On Sun, Jan 1, 2023 at 3:54 PM Nikita Zlobin via Gcc <gcc@gcc.gnu.org> wrote:
>
> Vector extension is great, because allowes to use controllable
> vectorization without dealing with each SIMD ISA separately. When
> properly used, it allowes to get better performance, than with
> auto-vectorization. However, there's just one issue.
>
> While for specific SIMD, used as backends for vec-ext, it's possible
> to check if they are supported, there's no similar features for vector
> extension.

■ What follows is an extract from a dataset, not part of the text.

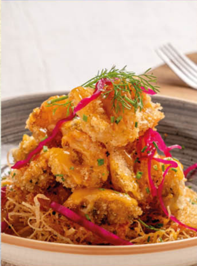
CAMARONES APANADOS. Camarones crocantes bañados en salsa a base de curuba. $42.800

The only way yo make it configurable without manually
> checking each ISA, is to e.g. add configure parameter
> --vector-size=<bytes>, with enough goot commentary for user to
> understand, what should be there (to be specified in __attributes__((
> bytes )) ).
>
> My first approach was to check for possibility to make autodetected
> config, e.g. with autoconf, ins such way (not ideal, just for start):
>
> gcc -march=native -E -v - < /dev/null 2>&1 | awk 'BEGIN{ arr[0]=0;
> delete arr[0]; } /cc1/{ for (i=1; i<=NF; i++){ if ($i ~ /-mno-/)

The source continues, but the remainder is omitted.